Cows and heifers which have yet to be confirmed in-calf are cross checked with the milk recorder and marked on the computer system to be tested when the milk recorded sample reaches the lab for analysis.

Jess receives a text message from CIS when the results are available to be downloaded on to an App or on line. Turnaround time is within 48 hours. If she needs to check any cows between milk recordings, then individual samples are posted for PAG test.

She says: “If a milk test comes back negative and isn’t in calf, then I can pick out the specific cow, particularly if she had a silent heat, and I can get the vet to have a look at her to find out why.”

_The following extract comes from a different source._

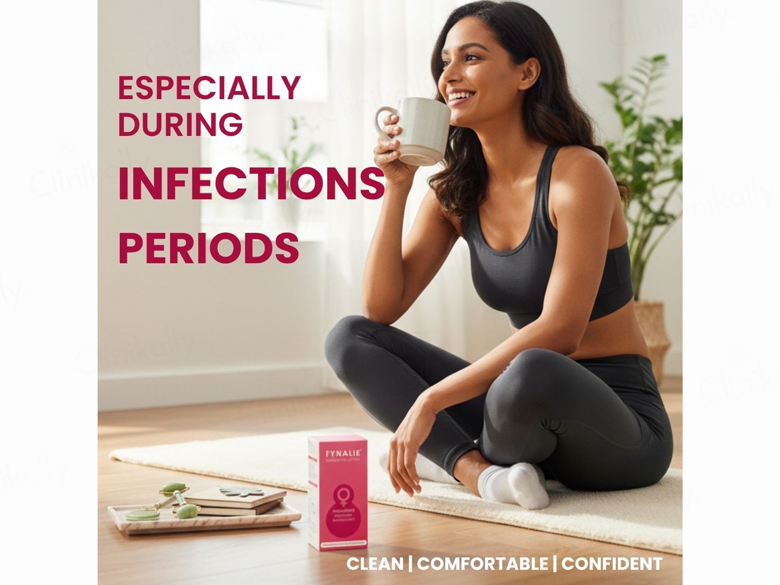 Fynalie Intimate Cleansing Lotion is a gentle, no-rinse, pH-balanced (pH 3.5) intimate cleansing lotion specially formulated for women's intimate hygiene to maintain natural microbiota balance, soothe sensitive skin, provide lasting moisture, and offer effective yet mild cleansing without foam, perfume, essential oils, or harsh extracts; powered by AmTenBioDis Prebiotic Technology, it supports beneficial bacteria while gently removing impurities, prevents irritation, dryness, or discomfort, and is ideal for daily use on the intimate area to promote freshness, comfort, and healthy pH equilibrium. Key ingredients include prebiotic Alpha Glucan Oligosaccharide to nourish and balance the intimate microbiome, along with soothing and moisturizing agents like Cetyl Alcohol, Sodium Cocoamphoacetate, Acacia Senegal Gum, Xanthan Gum, and Lactic Acid for gentle cleansing, hydration, and pH support in a leave-on, non-irritating 3.5 pH formula.
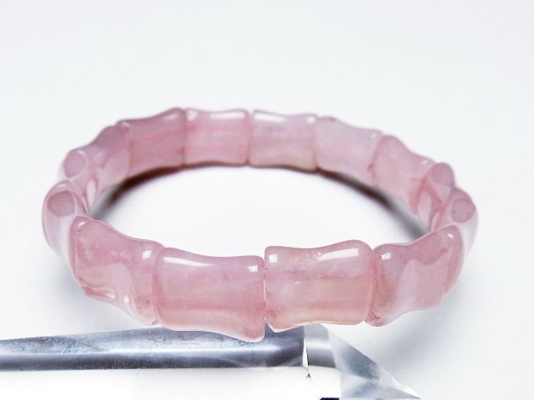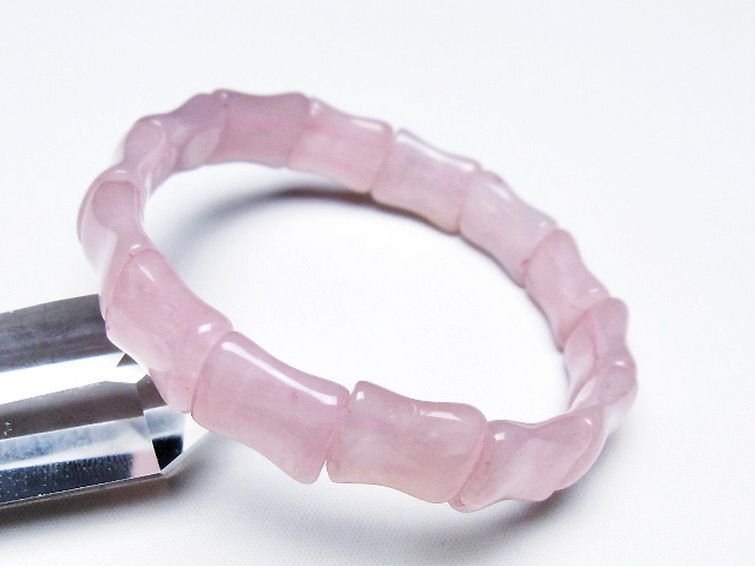 ■商品名: ローズクォーツバングル ■商品ID: T189-3674 ■商品重量:約 26.7g ■商品サイズ: 高約:15mm 横約:12mm 厚約:7mm 内径円周約:170mm(±5mm) 【ローズクォーツ(紅石英)】 ローズクォーツは柔らかい優しいピンクの水晶です。アルミニウムや酸化チタンなどの結晶を含むためにピンク色になると考えられています。これらの微細な結晶が分散しているため、石全体の透明度が低く、濁っていたりひびがあります。高品質の透き通ったものや、スター効果が確認できるものは珍重されています。 この石は愛や優しさ、内面美を象徴する石です。ローズクォーツと言うと「恋愛運アップ!」といったイメージが一般的ではないでしょうか。 ローズクォーツは持ち主の内面の美を高め、女性の幸せや喜び、愛を呼び起こしてくれるとされています。また過去の傷ついた経験から、ついネガティブ思考になったり自分に対してマイナス思考になったりするような、負の感情を優しさで包み込み癒し、自分を許し愛せるようになるそうです。 この石は目当ての異性を連れてくるというよりは、内面的に美しくなり自分を良い意味で大切にする自己愛を知ることにより他者から愛されるという効果のようです。例えば自分なんか大嫌い、自分なんかどうせ、と思っている時に、他人から愛されるでしょうか。それよりも自分を認めて受け入れ、愛していると内面が輝いて魅力が溢れます。その魅力により周囲の人から愛され、他人から愛されることにより一層他人を愛せるようになるという、愛を呼び込む循環を造ってくれるそうです。 そういった意味で、実は恋愛運アップというよりはもっと定義の広い愛情運アップの効果があるとされています。 こういった広い意味での愛を得ることができるとされ、人に対して思いやりを持ち許せるようになることから、人間関係の改善や、苦手だけれどどうしても付き合わなければならない人がいるといった場合でも活躍してくれることでしょう。 【水晶(石英、クリスタルクォーツ)】 水晶とは石英を指しますが、一般的に無色透明のものをクリアクォーツやロッククリスタルと呼んでいます。 水のように美しく透き通ったものが良いと思われがちですが、内部にヒビや他の鉱物などのインクルージョン(内包物)が入っているものがあり、それが天然物の証。また、インクルージョンによって様々な種類に分類され、それぞれ違った印象を与えてくれます。 古くから呪い事に使われてきた水晶に秘められたパワーはとても万能で、あらゆる場面に対応するといわれています。特に邪気を祓う力が強いため、人間関係を円滑にしたり、心身をクリアな状態にしたい場合に最適です。また空間を浄化する作用もあるとされ、インテリアとしても高い人気を誇っています。 石自体に強い自浄作用があり、他のパワーストーンが吸収した負のエネルギーを浄化するといわれています。更にアクセサリーとして他の石と組み合わせる場合、それぞれの石の個性を引き出しバランスを取ってくれる効果があるそうなので、ぜひとも組み込んでおきたいですね。 パワーストーン入門に最適な水晶ですが、愛好家にとってはかなり奥が深く最後に行き着くのもこの石なんだそうです。何もかもを見透かすような透明な水晶には、本当に神秘的なパワーが宿っているのかもしれません。 |

Improving early calf management is also on the cards: “I’m planning to use a refractormeter to test our new born calves for blood proteins to ensure they are receiving sufficient colostrum and of high enough quality.”  

Focusing on the young stock was just one of Jess’s take-home ideas from her recent week-long study trip to the USA. A member of Highbridge Young Farmers' Club (YFC) and a committed Holstein Young Breeders’ co-ordinator, she was awarded the Louise Hartley Award for making an outstanding contribution to the breed, Holstein Young Breeders and her own Breeders’ Club. Jess is also took the Holstein Young Breeders’ champion showperson award at the 2019 Mid Devon Show. 

“We visited herds comprising 800 to 35,000 cows, all of which were managed to the highest standards,” she explains, adding: “We were encouraged to consider every cow is a microbusiness, regardless of herd size. Each one needs to be managed on an individual level from making checks during the transition period to looking at performance and making a breeding decision. Very well worthwhile, timely take home advice.”